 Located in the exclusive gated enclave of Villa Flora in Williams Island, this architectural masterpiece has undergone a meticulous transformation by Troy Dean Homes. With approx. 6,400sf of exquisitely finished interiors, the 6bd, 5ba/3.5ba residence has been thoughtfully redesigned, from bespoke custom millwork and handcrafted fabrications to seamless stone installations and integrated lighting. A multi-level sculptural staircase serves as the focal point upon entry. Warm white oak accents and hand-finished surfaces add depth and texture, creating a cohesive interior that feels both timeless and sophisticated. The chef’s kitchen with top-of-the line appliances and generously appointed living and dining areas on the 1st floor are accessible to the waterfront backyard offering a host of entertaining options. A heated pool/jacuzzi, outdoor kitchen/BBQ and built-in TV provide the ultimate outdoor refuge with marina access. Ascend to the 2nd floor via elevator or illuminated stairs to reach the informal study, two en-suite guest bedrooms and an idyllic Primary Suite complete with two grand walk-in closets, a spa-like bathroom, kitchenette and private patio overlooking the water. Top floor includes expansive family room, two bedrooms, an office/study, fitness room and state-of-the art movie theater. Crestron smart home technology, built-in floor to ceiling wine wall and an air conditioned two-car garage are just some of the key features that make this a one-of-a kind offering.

---

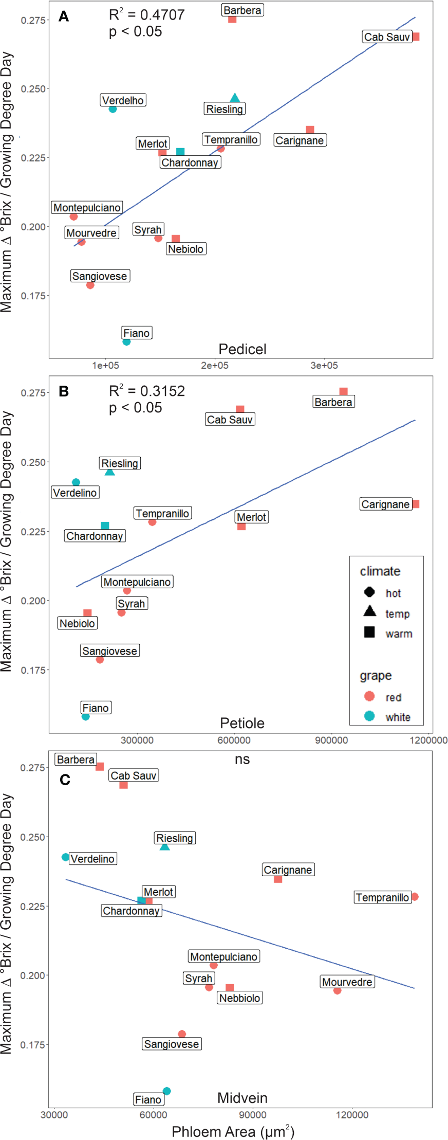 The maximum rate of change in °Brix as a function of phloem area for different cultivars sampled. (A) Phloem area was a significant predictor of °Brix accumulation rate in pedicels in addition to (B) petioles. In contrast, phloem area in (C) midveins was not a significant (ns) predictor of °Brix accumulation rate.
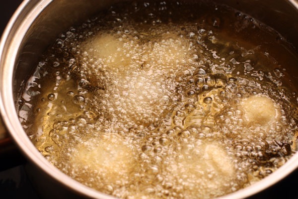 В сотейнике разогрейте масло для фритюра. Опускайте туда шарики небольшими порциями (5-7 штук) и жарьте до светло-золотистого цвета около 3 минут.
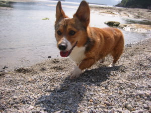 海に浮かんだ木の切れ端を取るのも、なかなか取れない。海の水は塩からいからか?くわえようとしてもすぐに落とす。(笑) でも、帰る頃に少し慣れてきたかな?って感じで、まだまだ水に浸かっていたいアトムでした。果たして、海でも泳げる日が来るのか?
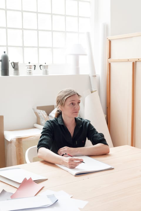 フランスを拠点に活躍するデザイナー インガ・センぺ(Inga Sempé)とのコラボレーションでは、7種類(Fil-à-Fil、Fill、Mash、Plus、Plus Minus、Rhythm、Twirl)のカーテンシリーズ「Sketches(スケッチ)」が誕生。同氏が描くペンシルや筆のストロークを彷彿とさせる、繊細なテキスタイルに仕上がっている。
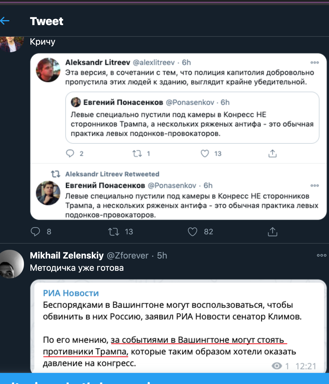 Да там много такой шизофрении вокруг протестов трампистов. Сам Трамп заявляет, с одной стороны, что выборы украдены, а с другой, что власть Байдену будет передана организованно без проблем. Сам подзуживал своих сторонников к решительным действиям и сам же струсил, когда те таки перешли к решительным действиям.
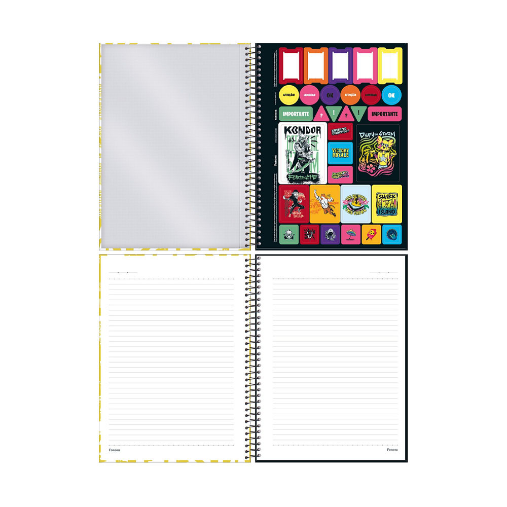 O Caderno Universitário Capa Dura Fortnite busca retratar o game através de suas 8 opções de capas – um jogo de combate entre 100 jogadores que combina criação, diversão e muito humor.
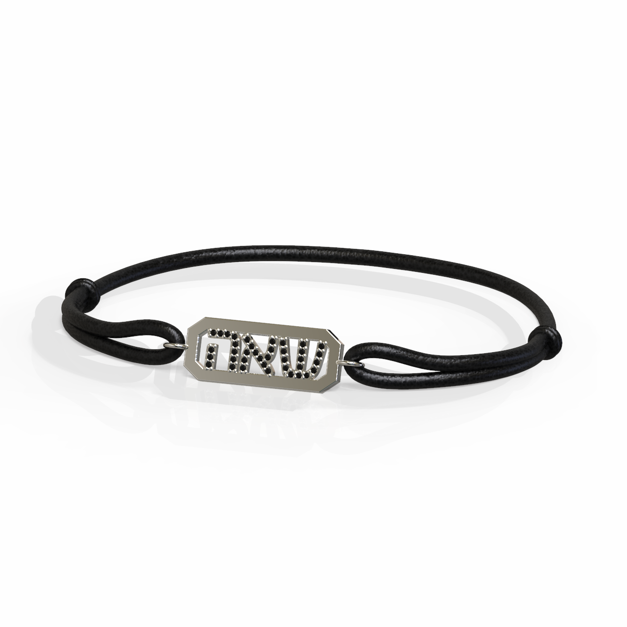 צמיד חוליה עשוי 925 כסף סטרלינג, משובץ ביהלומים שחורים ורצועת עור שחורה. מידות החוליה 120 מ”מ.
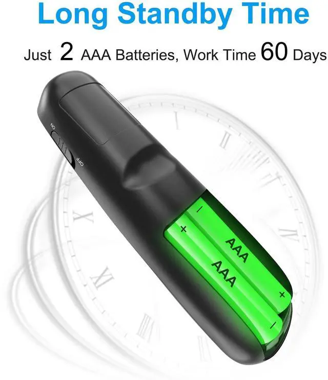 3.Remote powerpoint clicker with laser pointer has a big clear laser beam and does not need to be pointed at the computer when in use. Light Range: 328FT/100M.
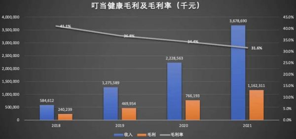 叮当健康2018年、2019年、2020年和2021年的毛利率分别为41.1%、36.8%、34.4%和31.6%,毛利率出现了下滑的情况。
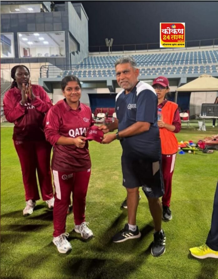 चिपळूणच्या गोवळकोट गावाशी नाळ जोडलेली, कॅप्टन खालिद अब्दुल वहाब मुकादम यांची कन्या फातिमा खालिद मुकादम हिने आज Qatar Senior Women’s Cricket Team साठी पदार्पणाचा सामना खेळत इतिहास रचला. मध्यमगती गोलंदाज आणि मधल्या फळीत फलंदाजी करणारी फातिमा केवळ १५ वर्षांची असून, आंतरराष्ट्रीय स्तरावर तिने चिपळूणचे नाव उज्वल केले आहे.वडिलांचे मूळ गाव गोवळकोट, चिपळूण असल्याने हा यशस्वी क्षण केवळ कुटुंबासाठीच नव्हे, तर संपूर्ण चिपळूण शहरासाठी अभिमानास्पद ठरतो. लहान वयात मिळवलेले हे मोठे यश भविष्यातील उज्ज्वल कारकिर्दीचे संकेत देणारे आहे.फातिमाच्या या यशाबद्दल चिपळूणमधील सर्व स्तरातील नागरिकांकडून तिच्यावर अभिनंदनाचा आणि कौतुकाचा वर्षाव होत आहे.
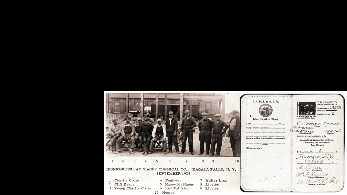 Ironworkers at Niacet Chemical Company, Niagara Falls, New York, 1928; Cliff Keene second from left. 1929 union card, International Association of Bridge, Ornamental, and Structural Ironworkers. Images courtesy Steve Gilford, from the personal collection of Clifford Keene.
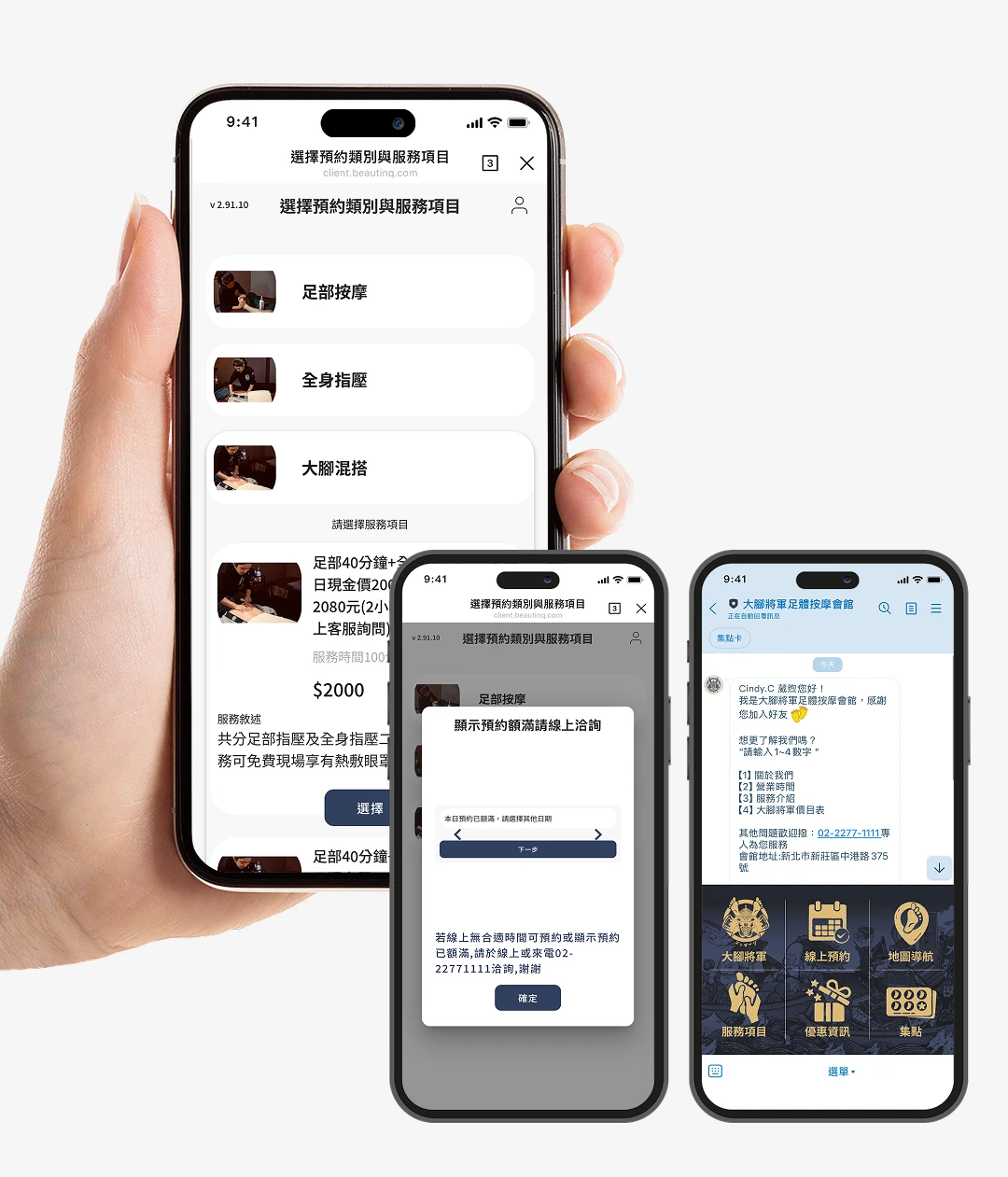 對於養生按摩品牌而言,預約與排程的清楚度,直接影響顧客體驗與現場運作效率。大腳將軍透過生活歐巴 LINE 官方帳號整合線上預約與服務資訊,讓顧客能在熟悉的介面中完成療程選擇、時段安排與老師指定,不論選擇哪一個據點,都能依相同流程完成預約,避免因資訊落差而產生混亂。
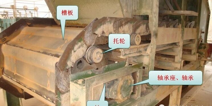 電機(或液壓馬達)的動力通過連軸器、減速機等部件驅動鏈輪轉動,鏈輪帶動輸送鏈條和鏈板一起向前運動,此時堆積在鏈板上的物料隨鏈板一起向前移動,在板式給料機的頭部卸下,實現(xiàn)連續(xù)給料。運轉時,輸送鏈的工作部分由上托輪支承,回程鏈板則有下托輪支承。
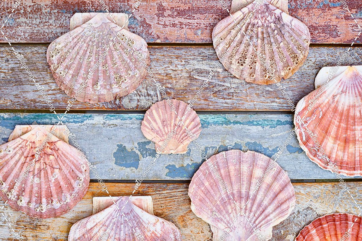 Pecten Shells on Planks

== What you will do ==
Please copy the lines above exactly, starting at the line that holds "O Caderno Universitário" and ending at the line that holds "叮当健康2018年、2019"; include both, but no pictures.

== Answer below ==
 O Caderno Universitário Capa Dura Fortnite busca retratar o game através de suas 8 opções de capas – um jogo de combate entre 100 jogadores que combina criação, diversão e muito humor.
 צמיד חוליה עשוי 925 כסף סטרלינג, משובץ ביהלומים שחורים ורצועת עור שחורה. מידות החוליה 120 מ”מ.
 3.Remote powerpoint clicker with laser pointer has a big clear laser beam and does not need to be pointed at the computer when in use. Light Range: 328FT/100M.
 叮当健康2018年、2019年、2020年和2021年的毛利率分别为41.1%、36.8%、34.4%和31.6%,毛利率出现了下滑的情况。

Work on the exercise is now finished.